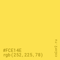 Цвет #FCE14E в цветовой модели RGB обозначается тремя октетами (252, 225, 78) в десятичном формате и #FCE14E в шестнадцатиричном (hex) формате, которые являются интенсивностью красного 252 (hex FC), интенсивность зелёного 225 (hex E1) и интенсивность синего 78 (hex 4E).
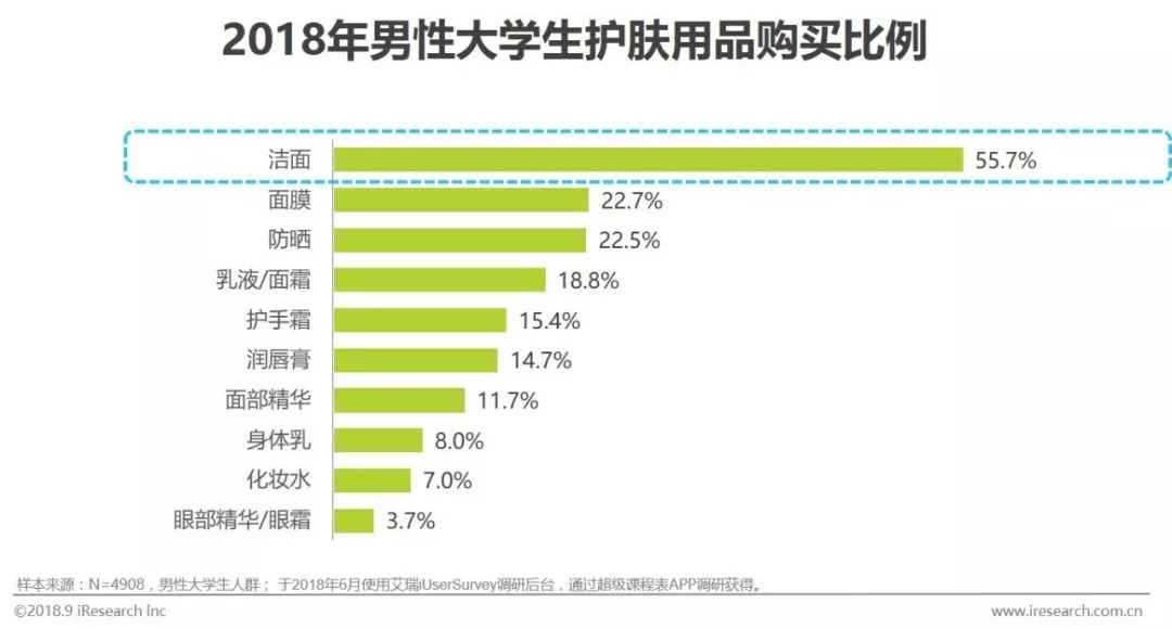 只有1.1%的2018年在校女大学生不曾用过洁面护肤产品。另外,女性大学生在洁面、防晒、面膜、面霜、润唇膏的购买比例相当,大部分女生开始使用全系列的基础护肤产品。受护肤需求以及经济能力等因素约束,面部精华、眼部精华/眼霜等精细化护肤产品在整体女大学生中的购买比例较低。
--
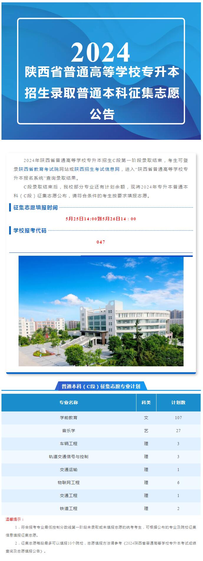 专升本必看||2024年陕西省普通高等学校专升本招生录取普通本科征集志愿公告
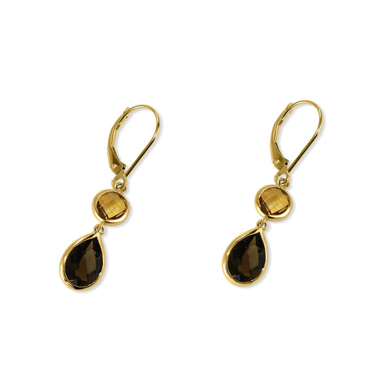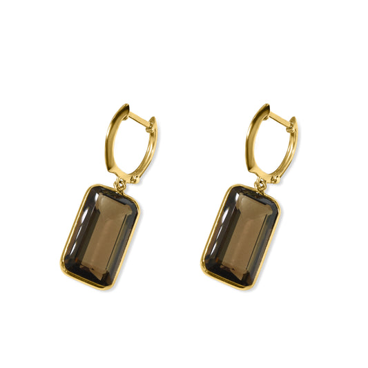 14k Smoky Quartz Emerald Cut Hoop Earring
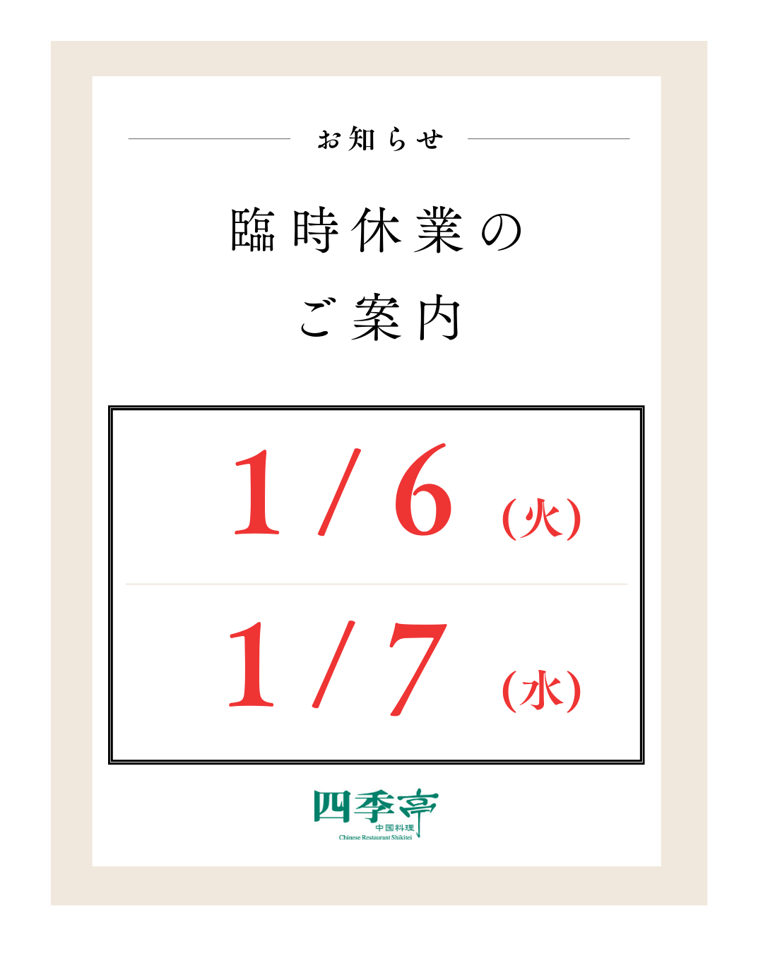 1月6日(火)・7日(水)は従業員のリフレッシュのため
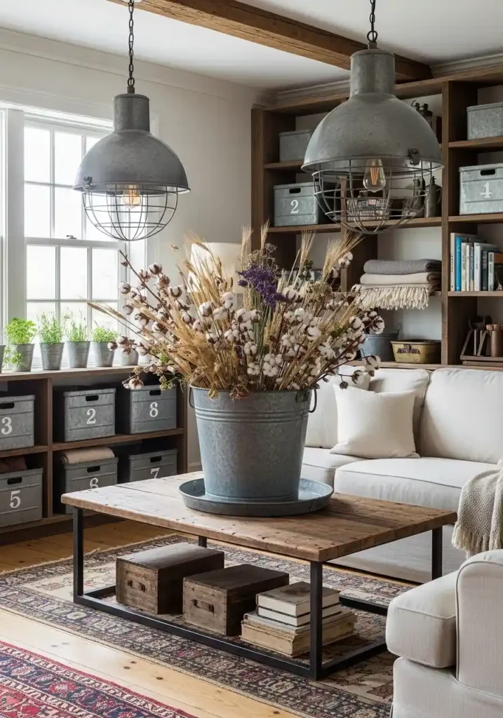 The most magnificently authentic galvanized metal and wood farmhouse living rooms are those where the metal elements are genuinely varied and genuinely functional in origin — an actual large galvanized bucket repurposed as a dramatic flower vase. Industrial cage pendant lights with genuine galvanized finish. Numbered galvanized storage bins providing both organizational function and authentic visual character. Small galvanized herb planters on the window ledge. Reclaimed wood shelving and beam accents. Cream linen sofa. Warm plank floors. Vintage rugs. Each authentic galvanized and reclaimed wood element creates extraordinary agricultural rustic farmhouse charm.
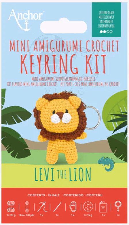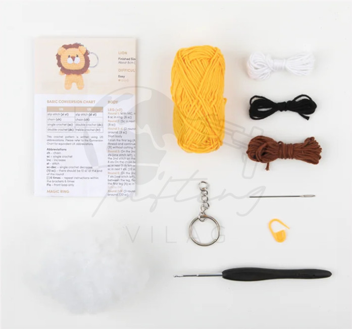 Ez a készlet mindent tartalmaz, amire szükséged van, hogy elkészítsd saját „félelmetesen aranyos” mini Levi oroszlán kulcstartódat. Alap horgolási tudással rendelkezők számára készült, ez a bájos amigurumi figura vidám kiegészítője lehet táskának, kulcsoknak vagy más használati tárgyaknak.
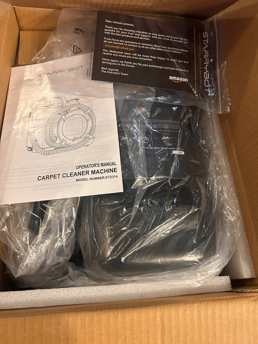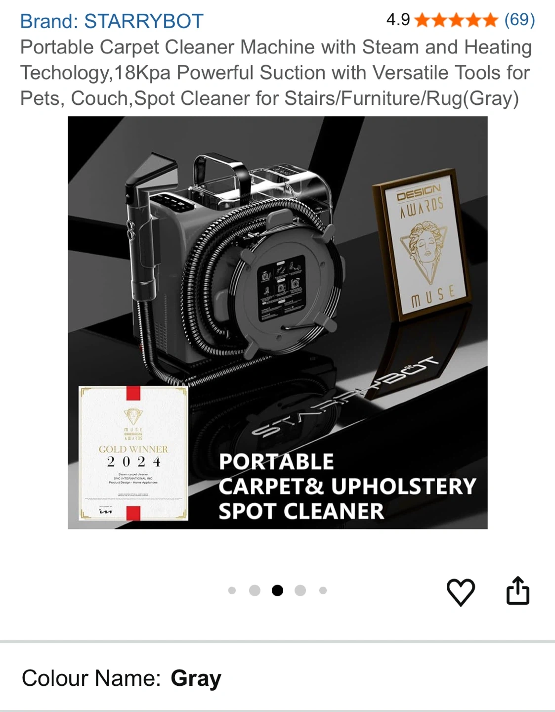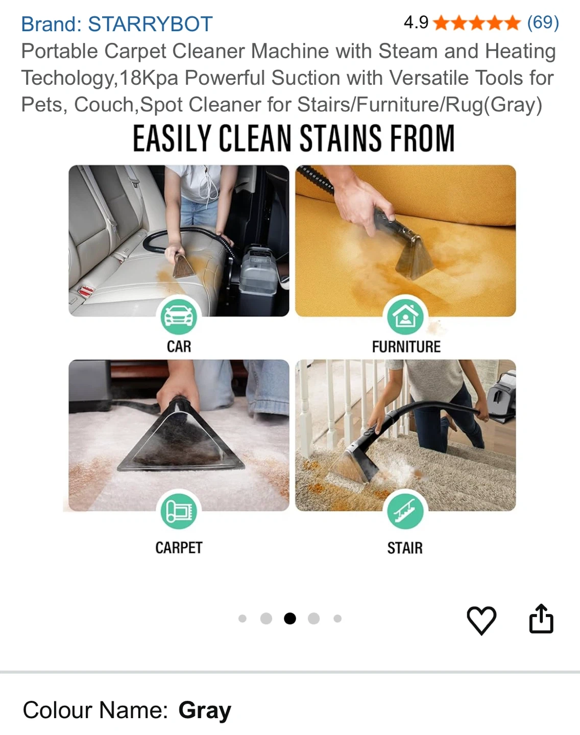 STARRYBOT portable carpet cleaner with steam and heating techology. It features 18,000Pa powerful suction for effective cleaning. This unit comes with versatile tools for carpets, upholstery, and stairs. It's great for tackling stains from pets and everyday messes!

● TASK STATEMENT
Beginning at the line that has "Цвет #FCE14E в" and ending at the line that has "只有1.1%的2018年在校", restate the listing above word for word, pictures left out.

● TASK OUTPUT
 Цвет #FCE14E в цветовой модели RGB обозначается тремя октетами (252, 225, 78) в десятичном формате и #FCE14E в шестнадцатиричном (hex) формате, которые являются интенсивностью красного 252 (hex FC), интенсивность зелёного 225 (hex E1) и интенсивность синего 78 (hex 4E).
 只有1.1%的2018年在校女大学生不曾用过洁面护肤产品。另外,女性大学生在洁面、防晒、面膜、面霜、润唇膏的购买比例相当,大部分女生开始使用全系列的基础护肤产品。受护肤需求以及经济能力等因素约束,面部精华、眼部精华/眼霜等精细化护肤产品在整体女大学生中的购买比例较低。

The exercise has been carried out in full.